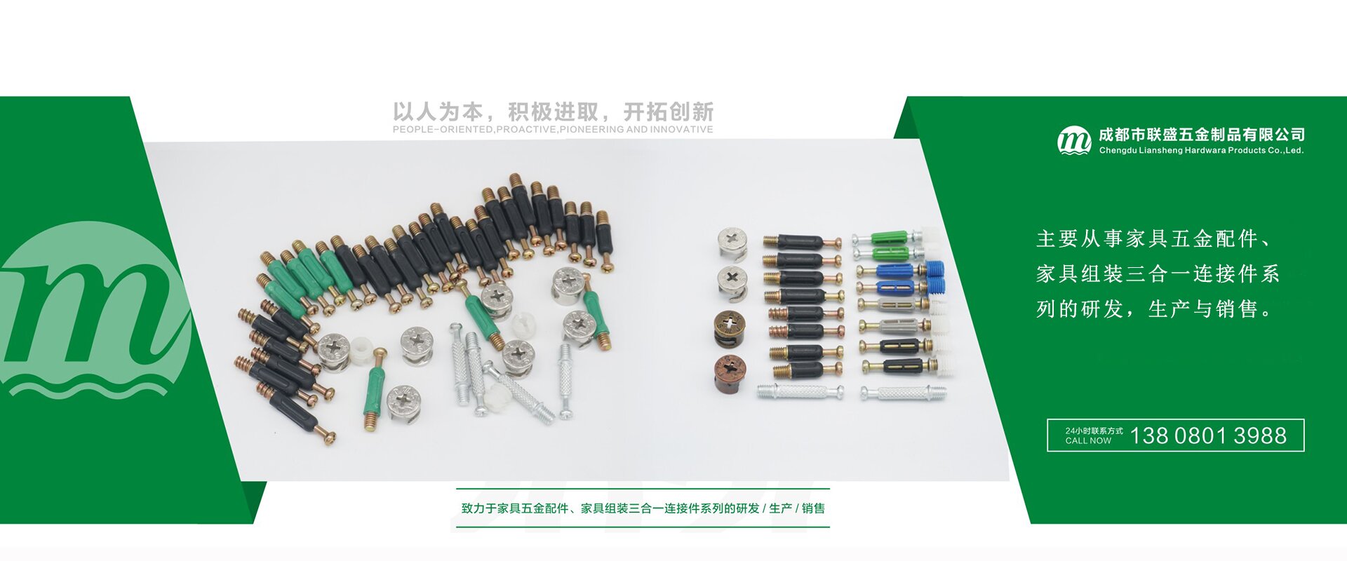 成都市聯盛五金制品有限公司成立于2012年,現擁有廠房面積16000平方米,主要從事家具五金配件、家具組裝三合一連接件系列的研發,生產與銷售。公司目前主營產品:家具組裝三合一包塑桿、定位桿、鐵桿、滾花鐵桿、雙頭桿、木牙螺絲、板托中軸、隔板釘等。
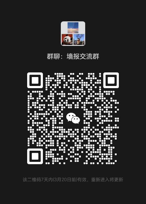 (二)已录用墙报交流稿件的第一作者或通讯作者请扫描下方“墙报交流”二维码进入微信群,进群后备注“论文序号+姓名+单位”。(注:墙报制作和展架由会务组统一完成,内容如有改动请进群后及时与会务人员联系。)
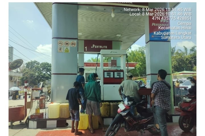 LANGKAT – MEDAN EKSPOS,ID |Stasiun Pengisian Bahan Bakar Umum (SPBU) di Desa Cempa Kecamatan Hinai Kabupaten Langkat propinsi Sumatera Utara diduga menjual BBM menggunakan jerigen, meski sebelumnya terjadi kelangkaan bahan bakar.senen (9/3/2026)
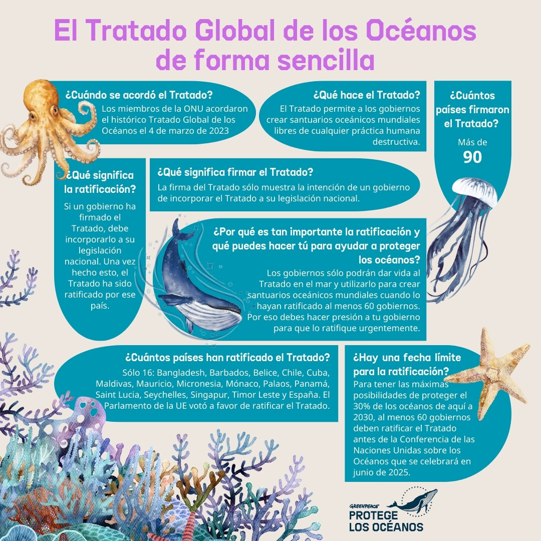 Somos un país que ama el mar, un mar que casi nos rodea al 100%. Nos encanta disfrutar de unas playas limpias y llenas de vida, bucear en aguas cristalinas y ver las especies marinas que viven en ellas y alardear de los productos del mar que tenemos y la cocina tradicional. Los océanos están conectados entre sí por las corrientes marinas, son un verdadero tesoro que debemos cuidar, no solo por el bien del planeta, sino por nuestro propio bien ya que nuestra vida depende de ello. Además de velar por la protección de nuestras costas debemos asegurar la protección de los ecosistemas claves en alta mar. Vamos a seguir luchando para lograr que estos santuarios oceánicos se hagan efectivos y mejore la salud de nuestros océanos. Pero para ello debemos lograr que 60 países ratifiquen este Tratado y no vamos a parar hasta conseguirlo.
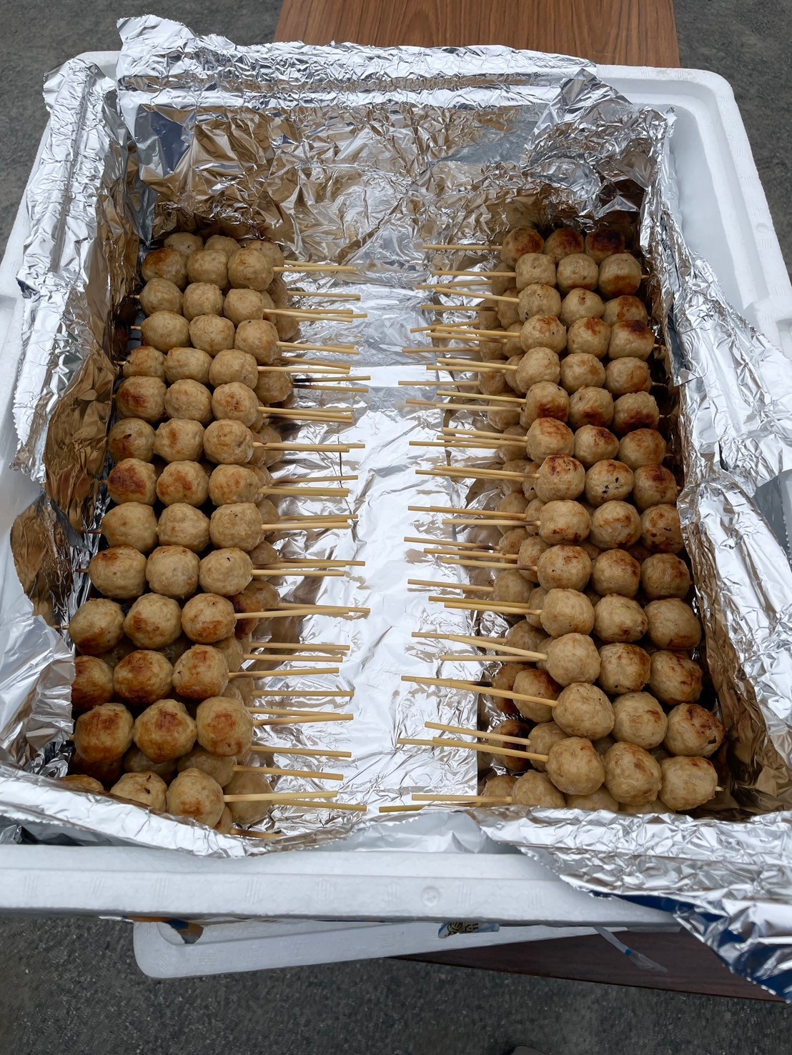 つくねは業者の発注の手違いがあり、届く時間が9:00ごろと話していたのですが、問い合わせしたところ、数量の手違いもあり、+500本の合計2200本を売らなければならないことになってしまいました。
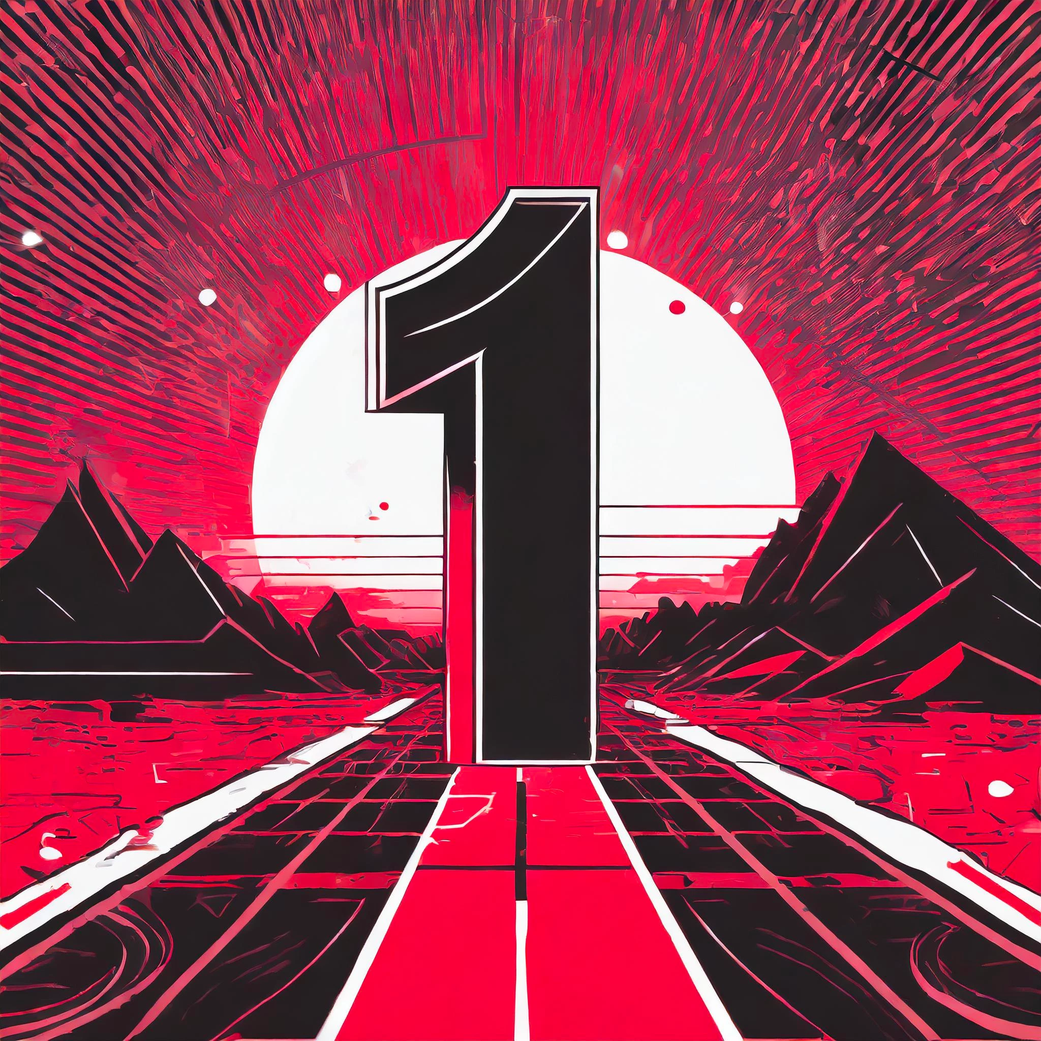 Prompt: Dadaist style poster, black white and red, with a big number one in the middle

========================

▸ Exercise objective: When you reach an image, pass over it, and retype all other material exactly.

▸ Your solution:
 成都市聯盛五金制品有限公司成立于2012年,現擁有廠房面積16000平方米,主要從事家具五金配件、家具組裝三合一連接件系列的研發,生產與銷售。公司目前主營產品:家具組裝三合一包塑桿、定位桿、鐵桿、滾花鐵桿、雙頭桿、木牙螺絲、板托中軸、隔板釘等。
 (二)已录用墙报交流稿件的第一作者或通讯作者请扫描下方“墙报交流”二维码进入微信群,进群后备注“论文序号+姓名+单位”。(注:墙报制作和展架由会务组统一完成,内容如有改动请进群后及时与会务人员联系。)
 LANGKAT – MEDAN EKSPOS,ID |Stasiun Pengisian Bahan Bakar Umum (SPBU) di Desa Cempa Kecamatan Hinai Kabupaten Langkat propinsi Sumatera Utara diduga menjual BBM menggunakan jerigen, meski sebelumnya terjadi kelangkaan bahan bakar.senen (9/3/2026)
 Somos un país que ama el mar, un mar que casi nos rodea al 100%. Nos encanta disfrutar de unas playas limpias y llenas de vida, bucear en aguas cristalinas y ver las especies marinas que viven en ellas y alardear de los productos del mar que tenemos y la cocina tradicional. Los océanos están conectados entre sí por las corrientes marinas, son un verdadero tesoro que debemos cuidar, no solo por el bien del planeta, sino por nuestro propio bien ya que nuestra vida depende de ello. Además de velar por la protección de nuestras costas debemos asegurar la protección de los ecosistemas claves en alta mar. Vamos a seguir luchando para lograr que estos santuarios oceánicos se hagan efectivos y mejore la salud de nuestros océanos. Pero para ello debemos lograr que 60 países ratifiquen este Tratado y no vamos a parar hasta conseguirlo.
 つくねは業者の発注の手違いがあり、届く時間が9:00ごろと話していたのですが、問い合わせしたところ、数量の手違いもあり、+500本の合計2200本を売らなければならないことになってしまいました。
 Prompt: Dadaist style poster, black white and red, with a big number one in the middle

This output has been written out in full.